Your task
Transcribe the line holding "Week-end Doctorants 2022, Intégrité: à" together with every line after it, through the end of the records, exactly and with no pictures.

Collected data entries
*** Begin section ***

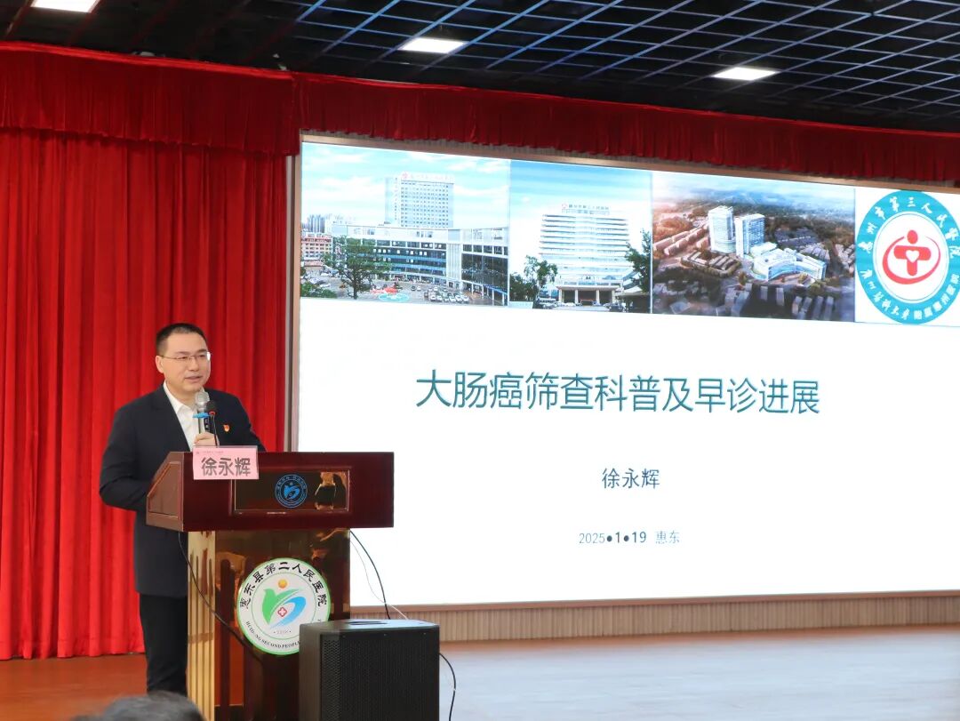 惠州市第三人民醫(yī)院消化醫(yī)學中心一黨支部書記徐永輝講授有關大腸癌的科普講座,介紹大腸癌的流行病學、預防、早期癥狀、診斷方法及治療手段等知識,提高黨員和群眾對大腸癌的認識,增強健康意識和自我保健能力 。
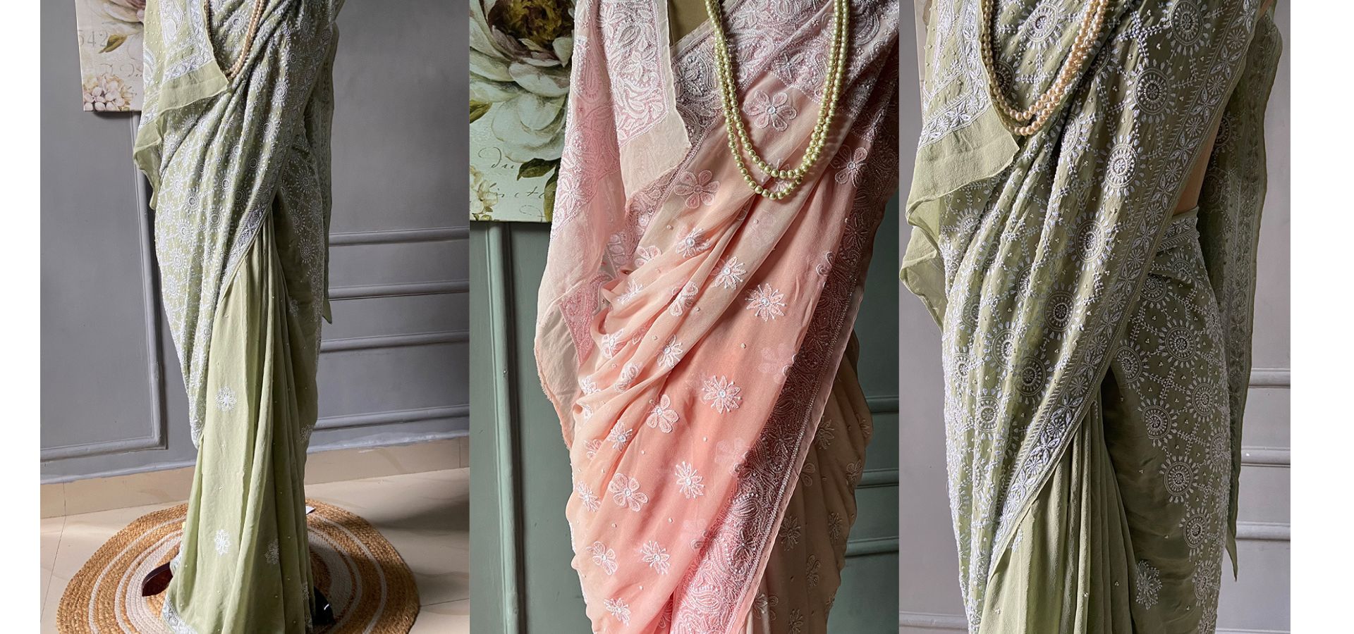 All the saree lovers always keep a handful designs of chikankari sarees with them because their grace is timeless. At Nazrana Chikan we have a wide variety of sarees for all seasons. Chikankari saree is available in fabrics such as cotton, georgette, silk, chanderi and organza.
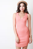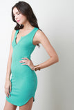 This casual dress features soft rib knit jersey, v-neckline, racer back, subtle side slits, and curved hem. Accessories sold separately. Made in U.S.A. 48% Rayon, 48% Polyester, 4% Spandex.
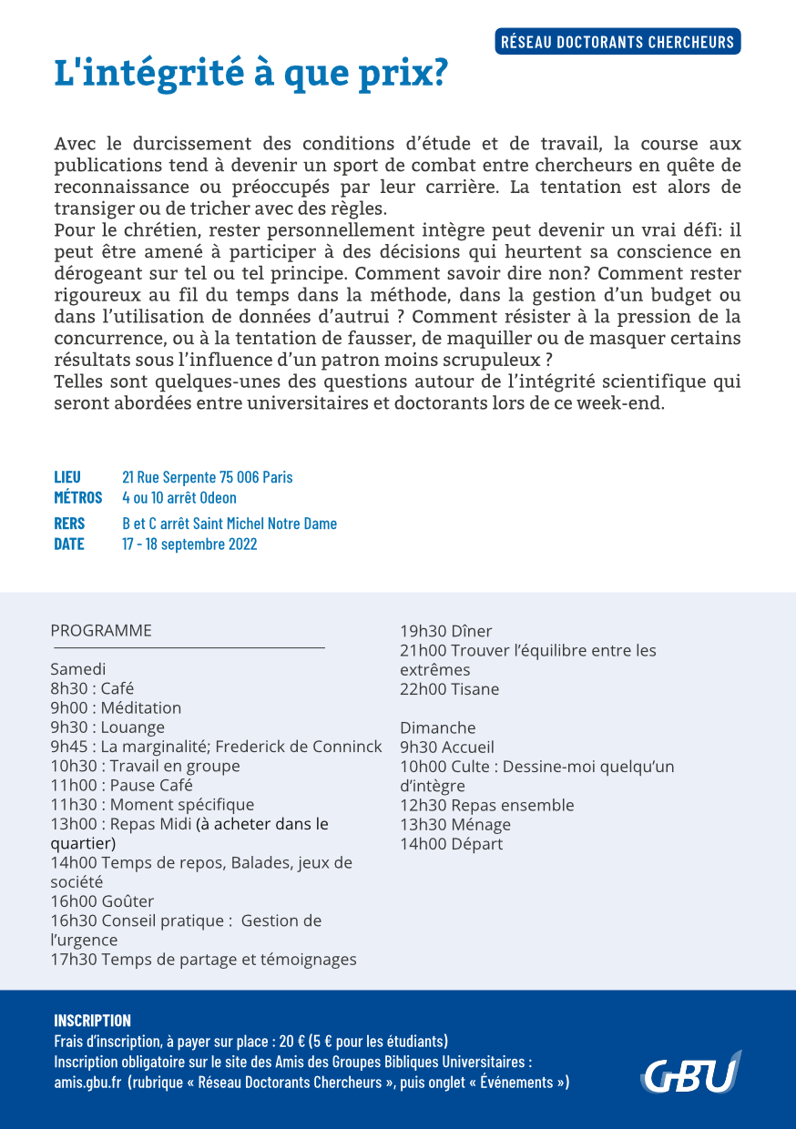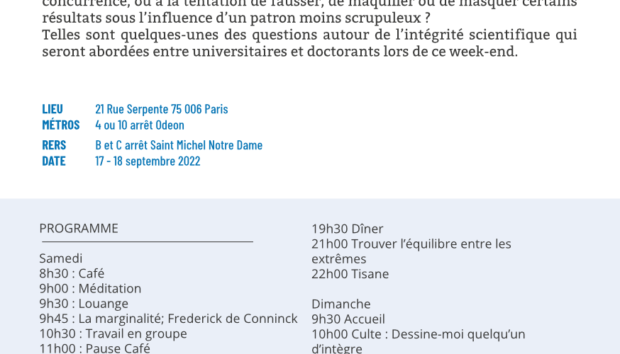 Week-end Doctorants 2022, Intégrité: à quel prix?
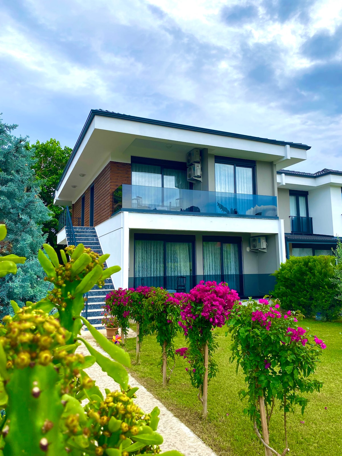 Konaklama Özellikleri • Geniş Kapasite: 2 Yatak Odası + Doğrudan bahçeye açılan geniş salon ile 6 kişi konaklama • Tam Mutfak: İhtiyacınız olan tüm ekipmanlarla donatılmış mutfak alanı. •Yüksek hızlı, sınırsız fiber internet • Ücretsiz çarşaf, nevresim ve havlu değişimi 🏖️ • Size Özel Loca: Havuz başında, her aileye özel tahsis edilmiş, konforlu yataklı lüks localar. • Plaja : Araçla sadece 2 dakika, yürüyüşle 15 dakika • Plaj özel ücretsiz şezlong ve şemsiye • Merkezi marketler 200 mt
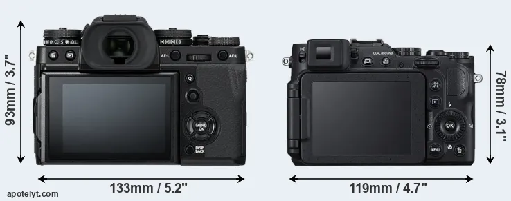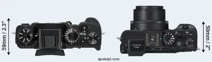 An illustration of the physical size and weight of the Fujifilm X-T3 and the Nikon P7800 is provided in the side-by-side display below. The two cameras are presented according to their relative size. Three successive views from the front, the top, and the rear are shown. All width, height and depth dimensions are rounded to the nearest millimeter.

*** End section ***

Solution
 Week-end Doctorants 2022, Intégrité: à quel prix?
 Konaklama Özellikleri • Geniş Kapasite: 2 Yatak Odası + Doğrudan bahçeye açılan geniş salon ile 6 kişi konaklama • Tam Mutfak: İhtiyacınız olan tüm ekipmanlarla donatılmış mutfak alanı. •Yüksek hızlı, sınırsız fiber internet • Ücretsiz çarşaf, nevresim ve havlu değişimi 🏖️ • Size Özel Loca: Havuz başında, her aileye özel tahsis edilmiş, konforlu yataklı lüks localar. • Plaja : Araçla sadece 2 dakika, yürüyüşle 15 dakika • Plaj özel ücretsiz şezlong ve şemsiye • Merkezi marketler 200 mt
 An illustration of the physical size and weight of the Fujifilm X-T3 and the Nikon P7800 is provided in the side-by-side display below. The two cameras are presented according to their relative size. Three successive views from the front, the top, and the rear are shown. All width, height and depth dimensions are rounded to the nearest millimeter.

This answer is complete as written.